See, we’ve been married for 12 years and have never spoken much to friends/family members about our plans to have children. We weren’t even sure if we wanted to take that plunge until late last summer, when we decided to pull the birth control plug and, “hell, see what happens.” We had money saved up and were planning to eventually upgrade out of an apartment into a real house. We really like us and thought, why should we deprive the world of the awesomeness that will inevitably be our offspring (sounds haughty but it’s true, and anyone will say that about their offspring so shut your mouth, eat your cereal and quit your judging).

After initial freakouts this week, here’s what’s seemed to help things fall into place for us, mentally:

1) We weighed the scales of our lives. Sounds kind of cheesy but I’m serious, try it out and it’ll really put things into perspective. Draw a set of scales and write down the bad on one side, and the good on the other. For us, despite the shit turn of events, the good outweighed the bad by a ridiculous margin. Between our incredible support system made up of the greatest people in the world to our awesomely dark senses of humor, to our spectacular mid-century modern living/dining room (which NOBODY can take away), we realized that we’re going to be just fine. It’s funny, you plan, plan, plan on things happening a certain way. We saved $$ for a child we now can’t afford to have. THANKS OBAMA (ironic snicker).

2) The baby started to kick. Like, really kick and move and stuff and WE CAN FEEL HIM!!!!

3) I made a spectacular homemade version of mac n’ cheese last night with bacon and chives. Try it. It’ll change your life (look up bechamel sauce, do it that way and then sprinkle with bacon bits and chives).

4) I always wondered what perfection looked like, until last night, when I saw it. THIS is perfection.

A detailed analysis of the photo that has changed my life…

Anyone who’s ever visited my home has likely noticed it. Most visitors have asked the question, and just a few have noticed it but were not sure what to make of it, so kept quiet.

And when someone asks The Question, excitement and anticipation rev up inside.

“Why do you have a framed picture of Seal in your house?”

And the answer is always the same:

“It’s there to remind us that we’re never gonna survive unless we get a little crazy.”

So as I’ve most certainly caught your attention, I’m sure you’re wondering about the story behind the picture.

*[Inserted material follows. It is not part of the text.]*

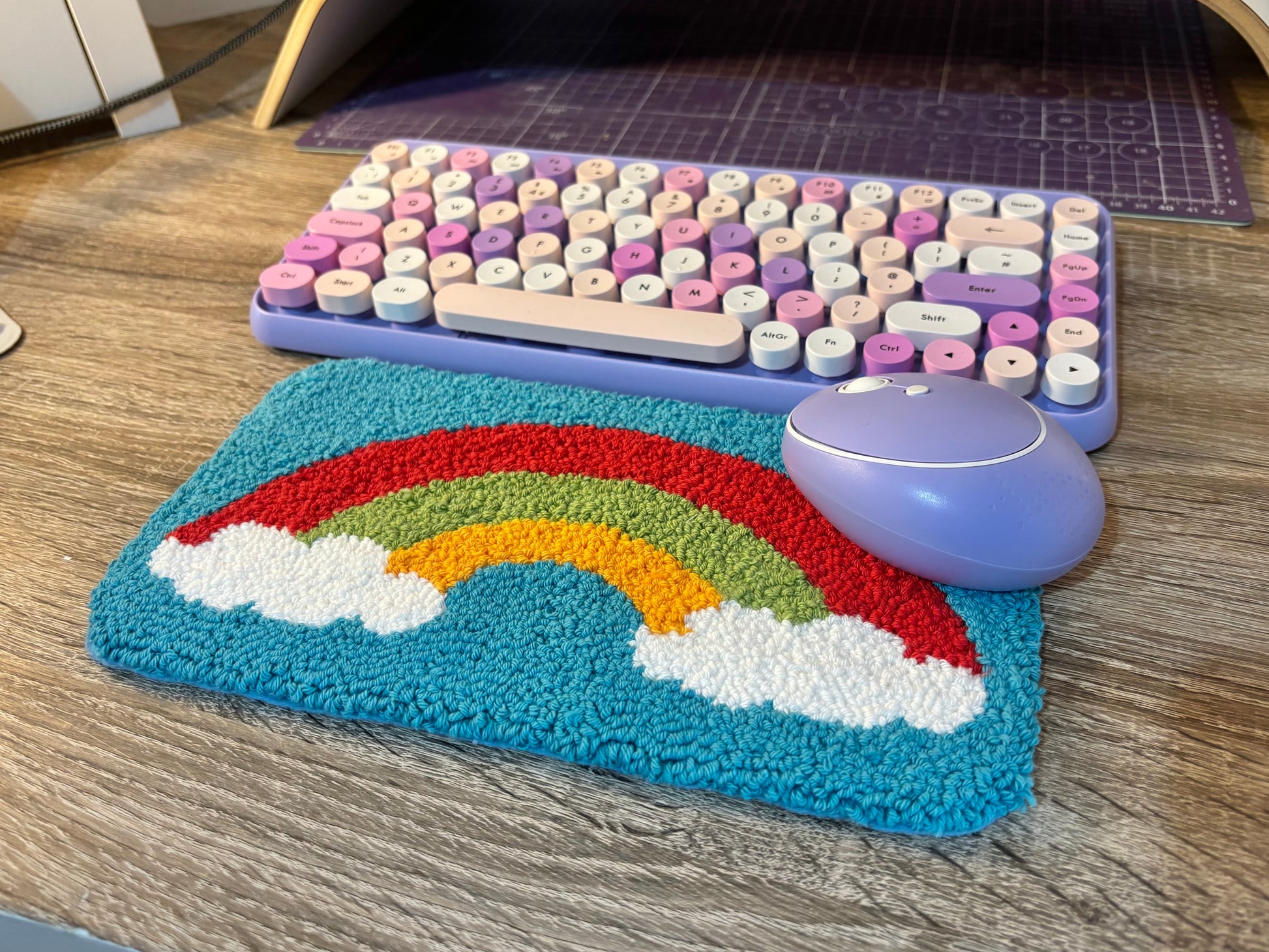 Rainbow punch needle desk mat, desk decor, desk accessory, cute decor, office decor

It was about three years ago. Chris and I were checking out the neighborhood Goodwill and came across the photograph. We were enamored with it from the start. The calm, yet slightly concerned look on his face, that says something along the lines of, “I know what you feel. Don’t be so hard on yourself. My baby.” The majestic gold and snake-skin type frame that served as a vessel for the photograph. I turned it over. $2.56. We hemmed and hawed about it and decided to hide it and think about it for at least a day or two before committing to this purchase.

I couldn’t sleep that night. I couldn’t stop thinking about those eyes. That look. And oh, my, the frame.

So I went back first thing the next day, found it right where we’d hidden it, and made my purchase. The picture looked amazing in our house. It now sits on our hutch, among several family photos. Because he’s like a member of the family.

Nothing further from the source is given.